Across the genome, we identified 65 genomic loci containing 322 genes with high levels of genetic differentiation (see Materials and Methods) between the highly and less-defensive cohorts (fig. 2 and supplementary tables S2 and S3, Supplementary Material online; hereafter called defense-associated loci). On average, there was a 7.1% difference in allele frequency between the two cohorts in these regions with an average of 22% for the most differentiated SNPs within these regions.
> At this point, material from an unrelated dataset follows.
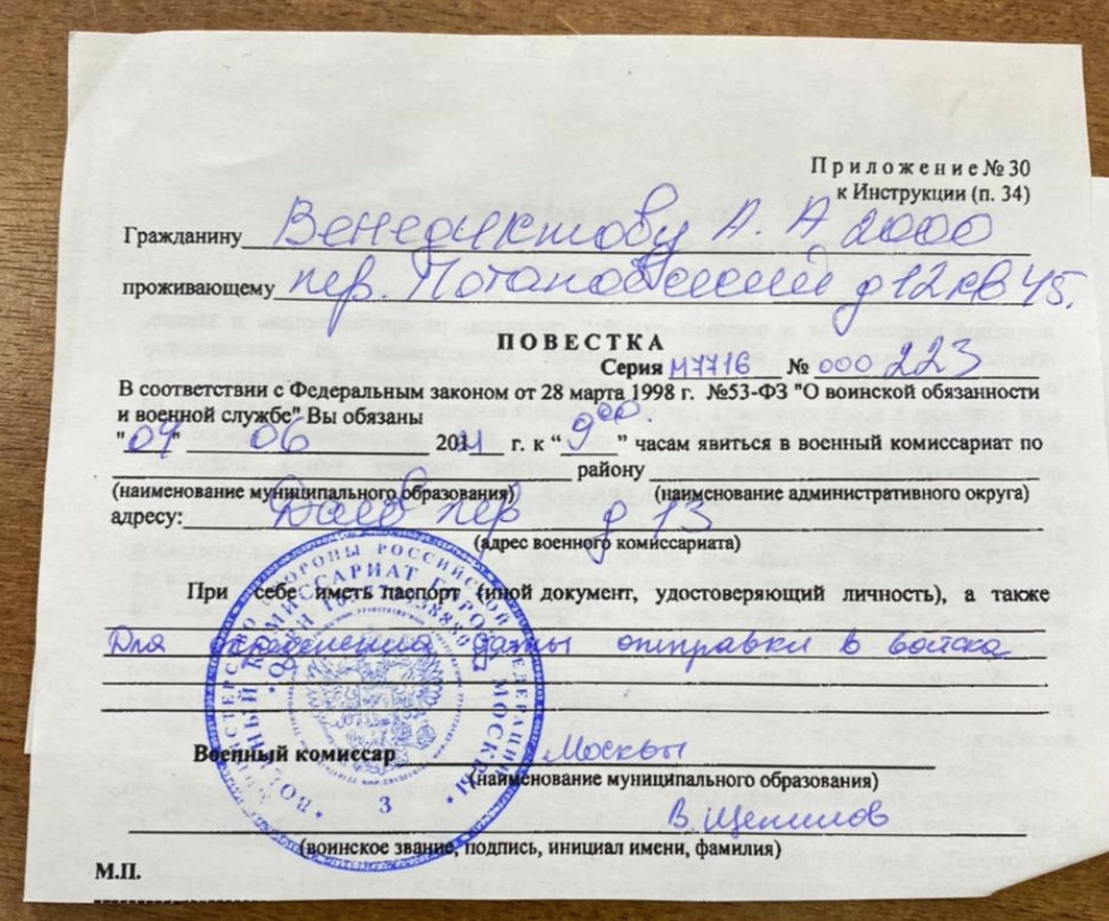 В военкомате Венедиктова-младшего ждали 4 июня, затем — 21 июня. И только спустя две недели после назначенной даты призывник прибыл для несения службы.

This difference is significantly higher than any other similar-sized set of SNPs chosen at random from the AHB genome (Permutation test N = 1,00,000; mean difference = 0.052; P < 0.001).
Fig. 2.
Average fixation index (Fst) between highly and less-defensive AHB colonies in Brazil. Red boxes are regions (±1 Mb on either side) that have significant evidence of differentiation between the two cohorts. Top-level horizontal bars are QTL for defense response (Hunt et al. 1998, 1999). Point on chromosome 15 marks the start of hexokinase2 (GB47079).
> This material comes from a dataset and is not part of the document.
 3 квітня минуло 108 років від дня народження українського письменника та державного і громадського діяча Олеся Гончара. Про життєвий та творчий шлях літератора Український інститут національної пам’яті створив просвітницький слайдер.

Defense-associated loci overlapped with two previously reported QTL for defense response: an alarm pheromone QTL on chromosome 12 and a defense-response QTL on chromosome 3 (fig. 3) (Hunt et al. 1998, 1999; Guzman-Novoa et al. 2002; Lobo et al. 2003; Gibson et al. 2015). There were additional significant windows within at least 1 Mb of each of the five reported defense-response QTL. Taken together, our data provide evidence that the regions of the genome we have identified quantitatively contribute to defense response in AHB.
Fig. 3.
Average fixation index (Fst) between highly and less-defensive AHB colonies in Brazil within previously reported QTL. Red boxes are previously identified QTL (named above). Approximate location on each chromosome is depicted below as a percentage of the total chromosome. Significant regions are starred.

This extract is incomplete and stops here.